Version: 1.14.1 (latest)

Glossary

Source

A location that holds data with a certain structure, organized into one or more resources.

If endpoints in an API are the resources, then the API is the source.
If tabs in a spreadsheet are the resources, then the spreadsheet is the source.
If tables in a database are the resources, then the database is the source.

Within this documentation, source also refers to the software component (i.e., a Python function) that extracts data from the source location using one or more resource components.

Resource

A logical grouping of data within a data source, typically holding data of similar structure and origin.

If the source is an API, then a resource is an endpoint in that API.
If the source is a spreadsheet, then a resource is a tab in that spreadsheet.
If the source is a database, then a resource is a table in that database.

Within this documentation, resource also refers to the software component (i.e., a Python function) that extracts the data from the source location.

Destination

The data store where data from the source is loaded (e.g., Google BigQuery).

Pipeline

Moves the data from the source to the destination, according to instructions provided in the schema (i.e., extracting, normalizing, and loading the data).

A Python module distributed with dlt init that allows creating pipelines that extract data from a particular Source.
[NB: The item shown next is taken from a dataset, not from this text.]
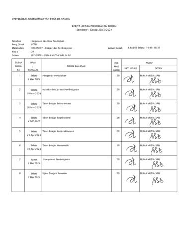 Prima, Mutia Sari BAP, Daftar Hadir, Daftar Nilai Belajar dan Pembelajaran Kelas 2F. Universitas Muhammadiyah Prof. DR. HAMKA. (Unpublished)

Such a module is intended to be published in order for others to use it to build pipelines.

A source must be published to become "verified," which means that it has tests, test data, demonstration scripts, documentation, and the dataset produced was reviewed by a data engineer.

Schema

Describes the structure of normalized data (e.g., unpacked tables, column types, etc.) and provides instructions on how the data should be processed and loaded (i.e., it tells dlt about the content of the data and how to load it into the destination).

Config

A set of values that are passed to the pipeline at runtime (e.g., to change its behavior locally vs. in production).

Credentials

A subset of configuration whose elements are kept secret and never shared in plain text.